MATERIAL PROVIDED:

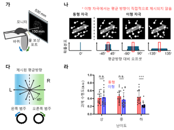 연구진은 생쥐 뇌 신경세포의 활성 변화를 형광 신호를 이용해 추적하는 칼슘 이미징 기법으로 수백에서 수천 개의 반응을 동시에 확인했다. 더하여, 시각 정보를 가장 먼저 처리하는 일차시각피질(V1)과 판단 및 행동에 관여하는 후두정피질(PPC)의 신경세포 집단 활성을 비교해, 뇌 영역에 따른 움직임 정보가 어떻게 표현되는지 살펴봤다.
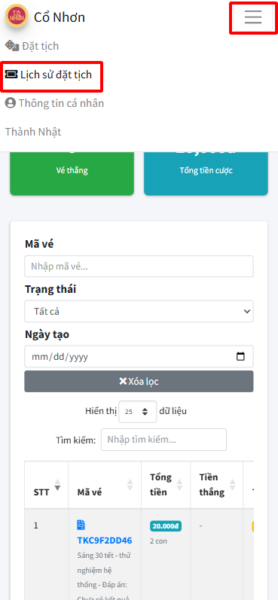 Xem lịch sử đã đặt
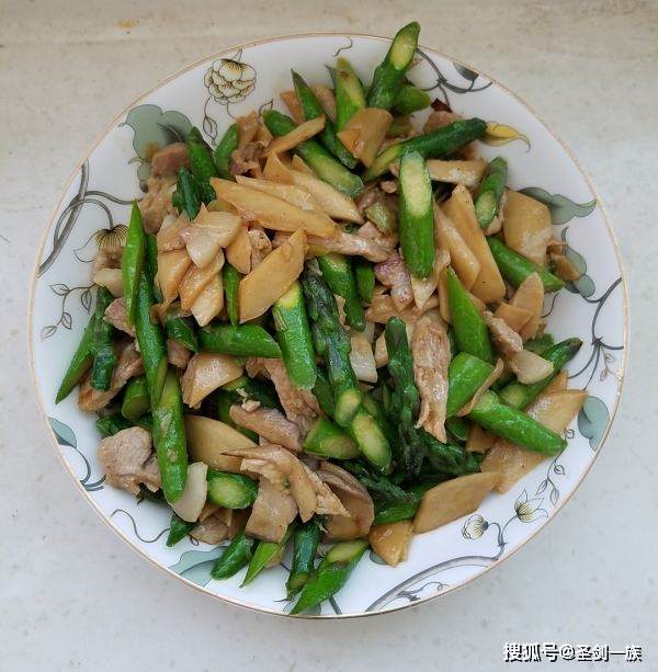 4、接着放入芦笋、草菇,加入蚝油,盐、鸡精,继续翻炒片刻即可出锅。
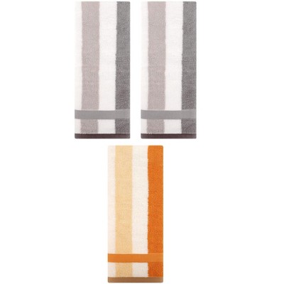 REGALWOVEN 2 Pack Cotton Soft Absorbent Striped Hand Towels for Bathroom 13" x 29" Grey/Brown Yellow
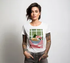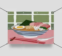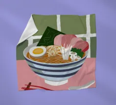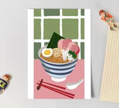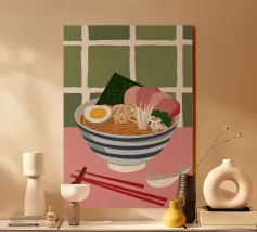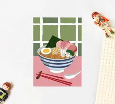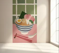 Una confortante ciotola di ramen fumante è illustrata con dettagli meticolosi, dalla lucentezza del brodo all'attento posizionamento dei condimenti. Quest'opera è più di un semplice cibo: è una celebrazione del comfort, del calore e dell'arte rilassante di un pasto ben fatto.
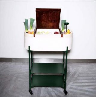 L’îlot, rafraîchisseur domestique, reprend la technique ancestrale du frigo du désert. Une première cuve en faïence remplie de sable humidifié encercle une seconde cuve. Le compartiment central est rafraîchi de 10 à 15 °C par évaporation de l’humidité du sable permettant ainsi de conserver les aliments sans consommer d’énergie.
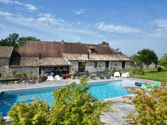 4 bedroom annex, nestling in 7 acres of glorious land with gardens, pool, trees and outbuilding, ideally located halfway between the splendid medieval town of Issigeac and the charming bastide town of Villereal.

TASK PROMPT: Would you set down every line of the data above exactly, skipping the pictures?

OUTPUT OF THE TASK:
 연구진은 생쥐 뇌 신경세포의 활성 변화를 형광 신호를 이용해 추적하는 칼슘 이미징 기법으로 수백에서 수천 개의 반응을 동시에 확인했다. 더하여, 시각 정보를 가장 먼저 처리하는 일차시각피질(V1)과 판단 및 행동에 관여하는 후두정피질(PPC)의 신경세포 집단 활성을 비교해, 뇌 영역에 따른 움직임 정보가 어떻게 표현되는지 살펴봤다.
 Xem lịch sử đã đặt
 4、接着放入芦笋、草菇,加入蚝油,盐、鸡精,继续翻炒片刻即可出锅。
 REGALWOVEN 2 Pack Cotton Soft Absorbent Striped Hand Towels for Bathroom 13" x 29" Grey/Brown Yellow
 Una confortante ciotola di ramen fumante è illustrata con dettagli meticolosi, dalla lucentezza del brodo all'attento posizionamento dei condimenti. Quest'opera è più di un semplice cibo: è una celebrazione del comfort, del calore e dell'arte rilassante di un pasto ben fatto.
 L’îlot, rafraîchisseur domestique, reprend la technique ancestrale du frigo du désert. Une première cuve en faïence remplie de sable humidifié encercle une seconde cuve. Le compartiment central est rafraîchi de 10 à 15 °C par évaporation de l’humidité du sable permettant ainsi de conserver les aliments sans consommer d’énergie.
 4 bedroom annex, nestling in 7 acres of glorious land with gardens, pool, trees and outbuilding, ideally located halfway between the splendid medieval town of Issigeac and the charming bastide town of Villereal.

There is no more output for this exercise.